The cover catches the reader’s attention and the issue’s introduction explains what the editors plan to do with it. The assembled papers explore “a range of sites where confrontations and challenges to the law and prevailing social customs have taken place, whether on urban streets, in the archives, or in museums and courtrooms.” How? By “identifying protagonists outside academia who have challenged, or otherwise exposed, the ideological basis by which normative ideas of licit behavior have been constructed, enforced, and discursively supported.”
It demands a certain steeliness of will to keep reading beyond that point. Lately the air has been full of challenges to the order of things (not to mention pepper spray) yet so many left-wing academics still write with sludgy diction in tones of somber flatulence. As Marx famously did not say: “The philosophers have hitherto only interpreted the world; the point, however, is to render problematic the continuing enforcement of its discursive legitimation.” It makes you tired.
But one set of papers did jump out at me as a bit off-kilter, given the focus on subverting the order of things: a forum on police museums in Latin America. (If ever a combination of words seemed both innocuous and menacing, it would be “police museums in Latin America.”) The whole idea sounds Bolaño-esque -- conjuring up images of a hall full of lovingly prepared exhibits devoted to corruption and mayhem, where the museum-goer might become part of the next diorama on the tour.
Police museums "appeared with remarkable simultaneity on both sides of the Atlantic in the first two decades of the twentieth century,” writes Amy Chazkel, an associate professor of history at the City University of New York's Queens College and the Graduate Center, in her preface to the forum. They are “a product of popular interest in crime on the one hand and police reform on the other.” By now the phenomenon is even more international than Chazkel indicates. There is, for example, an International Police Museum in New Zealand, which doubles as a bed-and-breakfast. These institutions are exercises in community relations, as well as memorials to officers killed in the line of duty.

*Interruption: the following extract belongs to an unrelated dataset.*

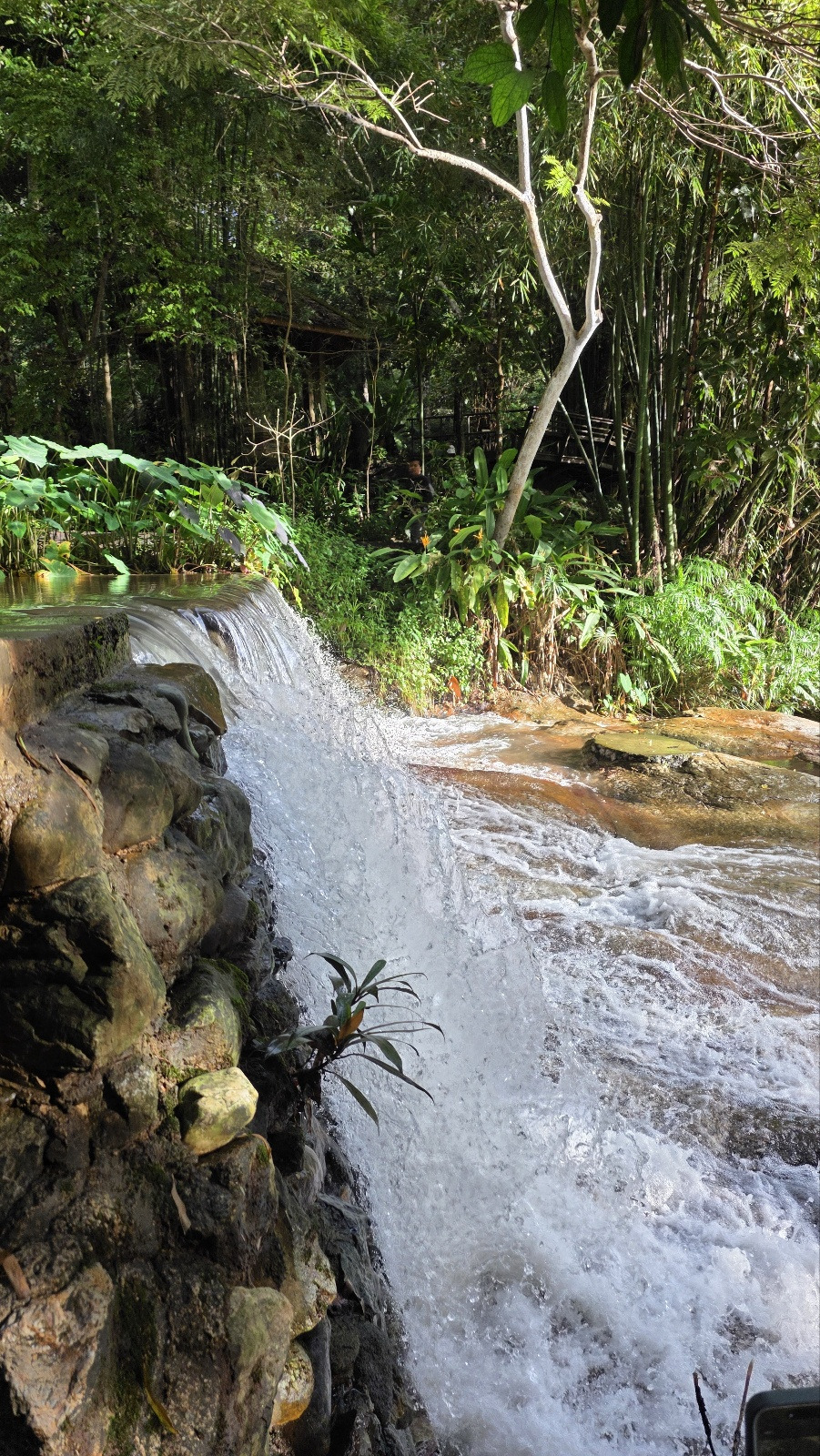 왓파랏 사원에는 산 정상에서 흘러내리는 개울이 있었다. 빠르게 흘러가는 물은 멋진 풍경과 함께 아래로 떨어졌다. 바라만 보고 있어도 시원한 멋진 절경이었다. 승려들의 휴식처였다고 하는데, 오늘은 우리들의 휴식처가 되었다. 잠시 사진을 찍고 물을 마신 후, 다시 올라가기 시작했다.

Challenging “normative ideas of licit behavior” is never part of the mission. About the museums in Cuba, Argentina, and Mexico discussed in the forum, Chazkel writes that they “share a common concern with controlling and sanitizing the image of the police while vigorously avoiding confronting the question of police criminality, corruption, and ineptitude.” (Nor, presumably, do they instruct civilians in the techniques mentioned by an East Texas sheriff I knew who said, “We’ve got ways to beat a guy that don’t leave any marks.”)

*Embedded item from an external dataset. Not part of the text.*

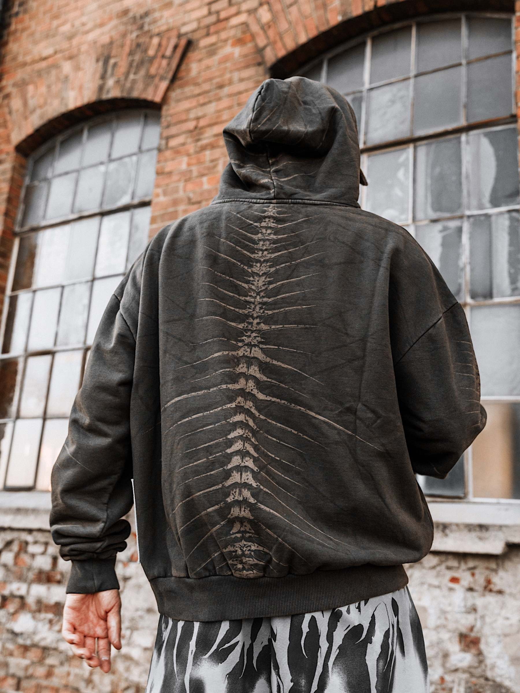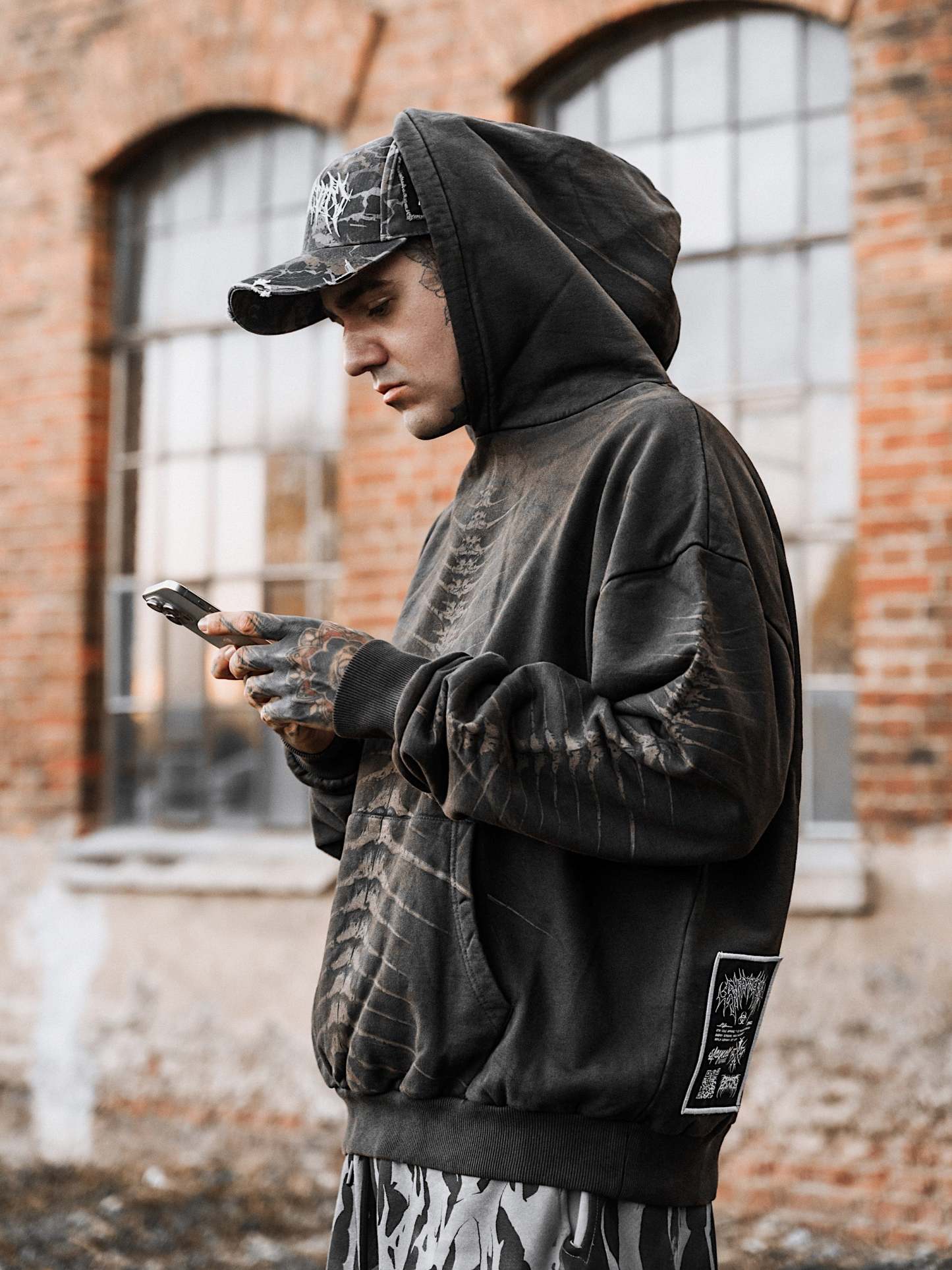 Crafted and built with a heavyweight 400GSM fabric, this hoodie doesn’t just keep you warm - it commands attention. The acid-washed finish creates a raw, otherworldly vibe, while the massive all-over discharged prints feel like a story ripped straight from the edge of reality. A custom woven patch with razor-sharp edges adds a sleek touch of precision to the chaos.

The museum in Havana that Alejandra Bronfman, an associate professor of history at the University of British Columbia, discusses in her paper was inspired by the Sixth Congress in Criminal Anthropology, held in 1906, which called for government to “collect any confiscated objects that would be otherwise neglected or destroyed, and place them in a museum that would be very beneficial for the study of law and policing.” Beneficial, in the first place, to the police themselves, since one of the initial functions of the museum was as an instructional institution for trainees. In the words of one official account, students might go “without finding, in the course of everyday policing, typical examples of strangulation, poisoning, or other kinds of wounds,” so a collection of crime scene photos and instruments of mayhem would prepare them.
One consequence was the accumulating of clothes, jewelry, musical instruments, and ritual objects related to Afro-Cuban religious practices, which were prohibited. Learning to recognize such contraband items paid a double premium, since anyone found with them probably had other illegal proclivities. (Or so went the logic of the job, otherwise known as racial profiling.) The unintended result was that the museum became a repository for folkloric artifacts that remain of interest for reasons completely unrelated to why they were gathered in the first place.

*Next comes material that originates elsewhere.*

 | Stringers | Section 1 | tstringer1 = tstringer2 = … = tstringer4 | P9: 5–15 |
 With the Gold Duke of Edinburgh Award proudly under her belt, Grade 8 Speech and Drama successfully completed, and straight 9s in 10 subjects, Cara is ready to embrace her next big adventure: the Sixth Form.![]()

While the Havana museum accumulated items to train a cop’s attention to signifiers of criminality (including at least one piece of human skin with a tattoo on it), Lila Caimari’s paper stresses how much the Buenos Aires museum serves as the institutional memory of the police force -- celebrating its history and professional culture, including the various uniforms and insignia. It also exhibits criminal paraphernalia (housebreaking tools, etc.) as any other police museum might. But according to Caimari, an independent scholar in Argentina, the institution’s development over time was conditioned by public contempt for the police role in repressing discontent.
The more far-sighted officials “urged for measures to ‘reconcile’ with the ‘people’ ” -- including a role for the museum in “attempting to build a public narrative that stressed modernity and professionalization, as well as police sensitivity regarding a number of social problems.”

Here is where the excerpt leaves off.